## PROVIDED DATA
-- -- --

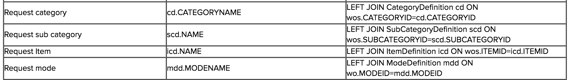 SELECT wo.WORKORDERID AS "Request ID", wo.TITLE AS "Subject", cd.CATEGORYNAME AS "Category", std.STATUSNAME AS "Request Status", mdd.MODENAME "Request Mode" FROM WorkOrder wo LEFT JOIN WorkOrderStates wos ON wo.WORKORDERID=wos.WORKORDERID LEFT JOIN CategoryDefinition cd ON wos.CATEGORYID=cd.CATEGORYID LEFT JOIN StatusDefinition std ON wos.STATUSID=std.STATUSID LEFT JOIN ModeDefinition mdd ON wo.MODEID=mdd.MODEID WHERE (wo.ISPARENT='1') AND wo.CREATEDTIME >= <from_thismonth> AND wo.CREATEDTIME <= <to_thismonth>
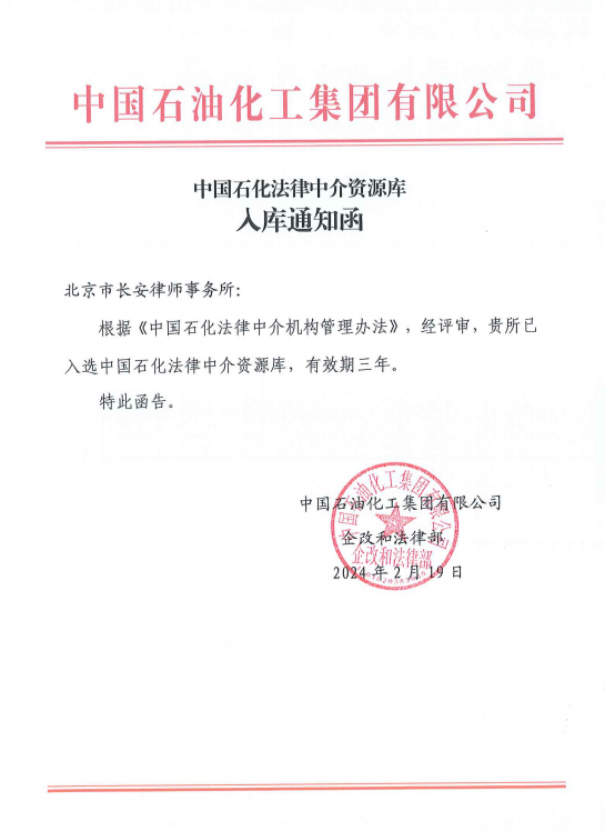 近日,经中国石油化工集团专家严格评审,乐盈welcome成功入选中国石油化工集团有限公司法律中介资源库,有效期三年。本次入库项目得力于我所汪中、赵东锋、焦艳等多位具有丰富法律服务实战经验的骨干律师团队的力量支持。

-- -- --

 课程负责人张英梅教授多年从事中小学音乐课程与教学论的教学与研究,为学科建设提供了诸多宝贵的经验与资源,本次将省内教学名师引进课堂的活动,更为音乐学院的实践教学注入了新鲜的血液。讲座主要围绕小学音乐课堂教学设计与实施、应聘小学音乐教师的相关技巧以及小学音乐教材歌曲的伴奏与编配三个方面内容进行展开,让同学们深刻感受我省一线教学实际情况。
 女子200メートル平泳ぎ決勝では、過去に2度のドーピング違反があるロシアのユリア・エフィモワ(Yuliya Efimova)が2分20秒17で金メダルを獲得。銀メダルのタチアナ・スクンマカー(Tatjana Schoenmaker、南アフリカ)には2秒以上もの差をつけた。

-- -- --

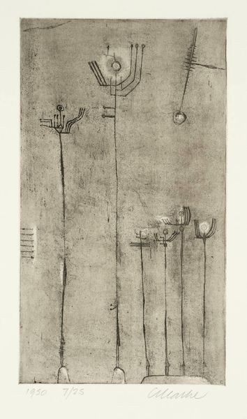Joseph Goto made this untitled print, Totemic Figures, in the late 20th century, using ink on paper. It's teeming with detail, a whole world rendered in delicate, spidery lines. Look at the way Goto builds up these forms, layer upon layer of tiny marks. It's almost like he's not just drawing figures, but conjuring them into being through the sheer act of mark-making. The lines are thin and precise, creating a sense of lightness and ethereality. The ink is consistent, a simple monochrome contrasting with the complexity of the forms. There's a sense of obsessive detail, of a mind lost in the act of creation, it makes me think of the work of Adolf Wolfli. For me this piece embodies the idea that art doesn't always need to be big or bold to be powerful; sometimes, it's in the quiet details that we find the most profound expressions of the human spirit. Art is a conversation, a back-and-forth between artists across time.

-- -- --

## TASK REQUIREMENTS
What you need to produce is an exact copy of the entries above, limited to the lines from the one with "SELECT wo.WORKORDERID AS" up to and including the one with "近日,经中国石油化工集团专家", without pictures.

## RESPONSE AREA
 SELECT wo.WORKORDERID AS "Request ID", wo.TITLE AS "Subject", cd.CATEGORYNAME AS "Category", std.STATUSNAME AS "Request Status", mdd.MODENAME "Request Mode" FROM WorkOrder wo LEFT JOIN WorkOrderStates wos ON wo.WORKORDERID=wos.WORKORDERID LEFT JOIN CategoryDefinition cd ON wos.CATEGORYID=cd.CATEGORYID LEFT JOIN StatusDefinition std ON wos.STATUSID=std.STATUSID LEFT JOIN ModeDefinition mdd ON wo.MODEID=mdd.MODEID WHERE (wo.ISPARENT='1') AND wo.CREATEDTIME >= <from_thismonth> AND wo.CREATEDTIME <= <to_thismonth>
 近日,经中国石油化工集团专家严格评审,乐盈welcome成功入选中国石油化工集团有限公司法律中介资源库,有效期三年。本次入库项目得力于我所汪中、赵东锋、焦艳等多位具有丰富法律服务实战经验的骨干律师团队的力量支持。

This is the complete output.